A photo session and photos back to 3-M/Ace Bandages and he was picked. "I was like a deer in headlights," Bennett said, as to what followed. Another photo shoot, this time with arm wraps on his elbow and an interview about his old car hobby, and he was a new "Everyday Champion" for Ace Brand bandages. His Studebaker Hawk and 1969 Dodge had paid off in ways he had never thought.
Old cars in life came easy for Steve, with his dad Clayton Bennett, an auto body shop owner on the family farm with grandfather Earl and grandmother Edna Bennett in the bigger house nearby. Mom Virginia (Coombs) and brother Sheldon and sister Tracy rounded out the family.

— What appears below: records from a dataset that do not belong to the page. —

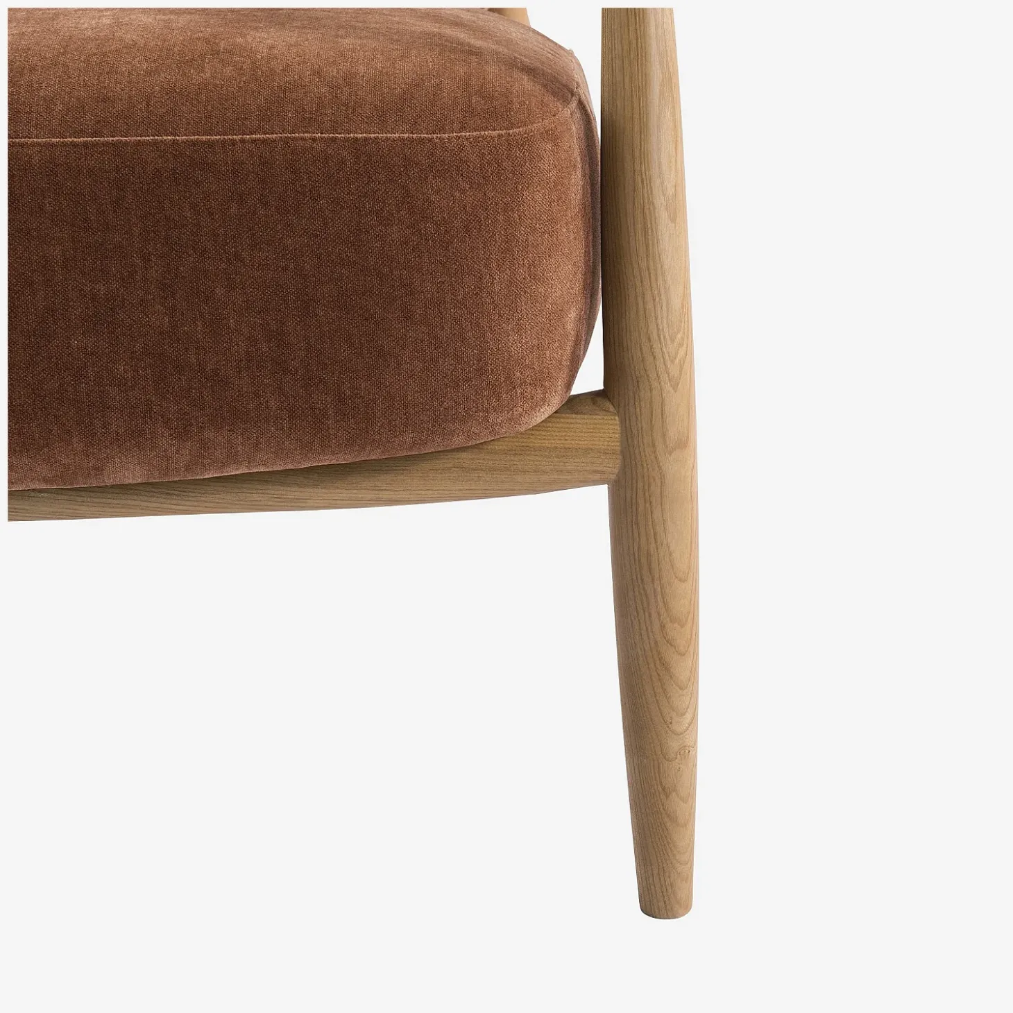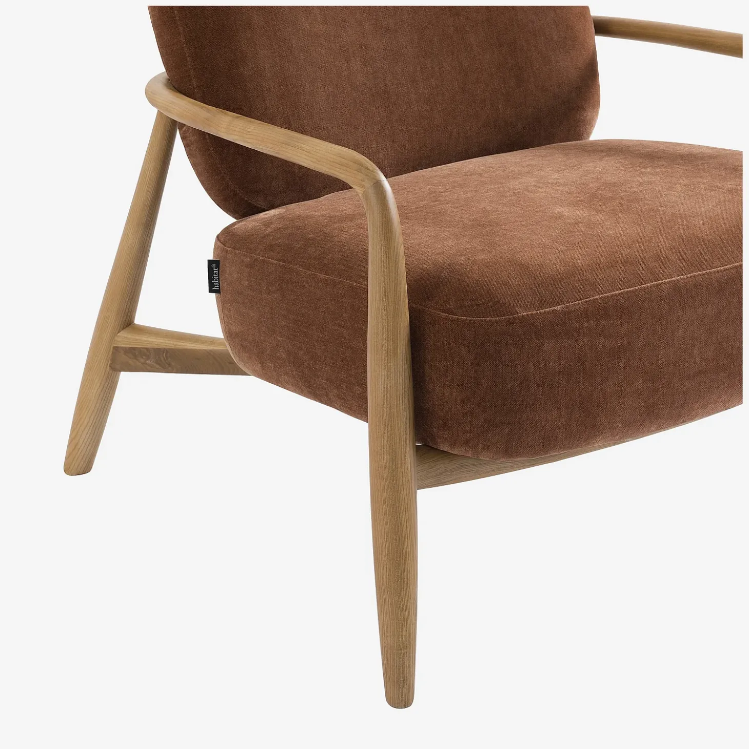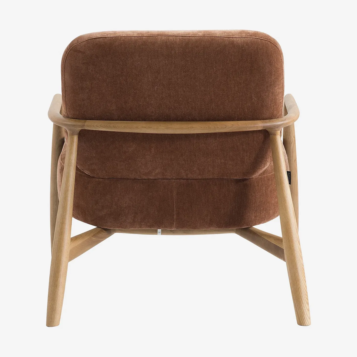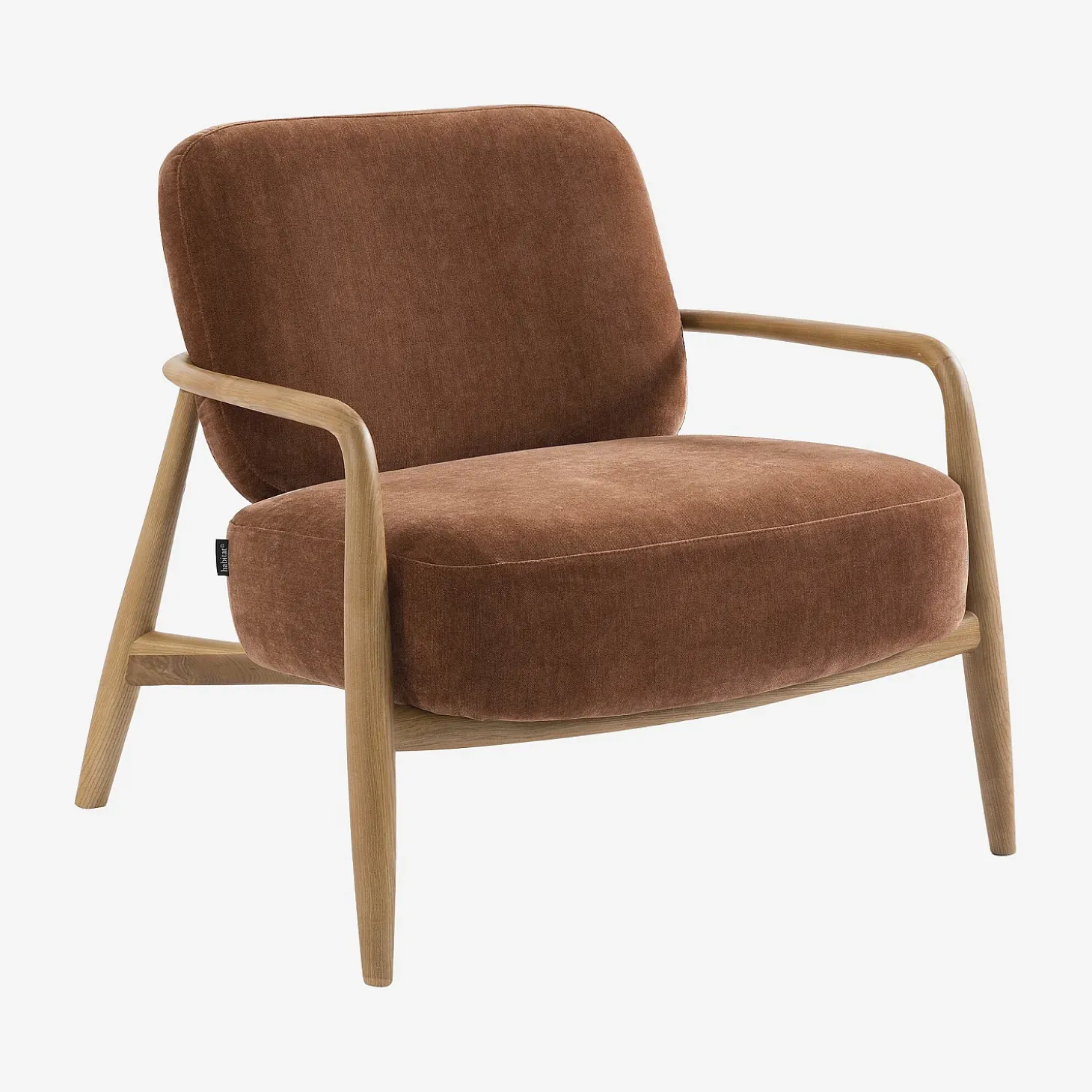 Le tissu marron cuivré, choisi pour sa tonalité apaisante et chaleureuse, enveloppe le fauteuil d’une douceur visuelle propice aux instants de calme. Son assise accueillante et son dossier confortable offrent une sensation feutrée qui fait de Velika une pièce aussi rassurante que raffinée.
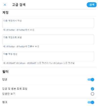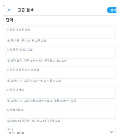 트위터에는 고급 검색 기능이 있는데 이 기능을 이용할 때는 PC버전 트위터에서 사용 가능함을 미리 알려 드립니다. 고급 검색은 특정 단어, 검색어를 입력하여 검색한 후에 추가로 필터링을 하는 기능으로 이용을 원하는 경우 우측 고급 검색 기능을 터치합니다.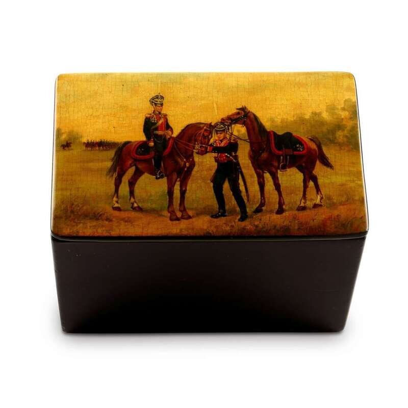 A Russian Lacquer Box “Officers on the Field” Vishnyakov & Sons, Ostashkovo, ca. 1877-1880

Bennett graduated from McClusky High School in 1981 and spent a year at Minot State College studying mechanics. Then another nine months at Bismarck State College where he learned welding. He spent another two years later on at Dakota County Technical College in Rosemount, Minnesota, where he learned machine tool and die skills. He earned his associates degree from there in 1997.
For his work life, Bennett has spent some time driving a grain truck when he was only 15 years old and in a welding shop nearby their farm. Then it was on to road construction and copper and gold mines in Arizona and Nevada where he serviced equipment.
Later he worked as a mechanic for five years for Dakota Rhoads Masonry; four years for Master Tool and Die in Eagan, Minnesota; another four years for Kane Transport as a Mechanic, also in Minnesota, and then one year for Braun Turf Farm (sellers of sod) as a mechanic. Then he painted houses in Farmington, Minnesota for eight years. He has been with Tool and Die in Farmington for the past two and one-half years. He lives with his son Aaron, who is an electrician. Both men are single.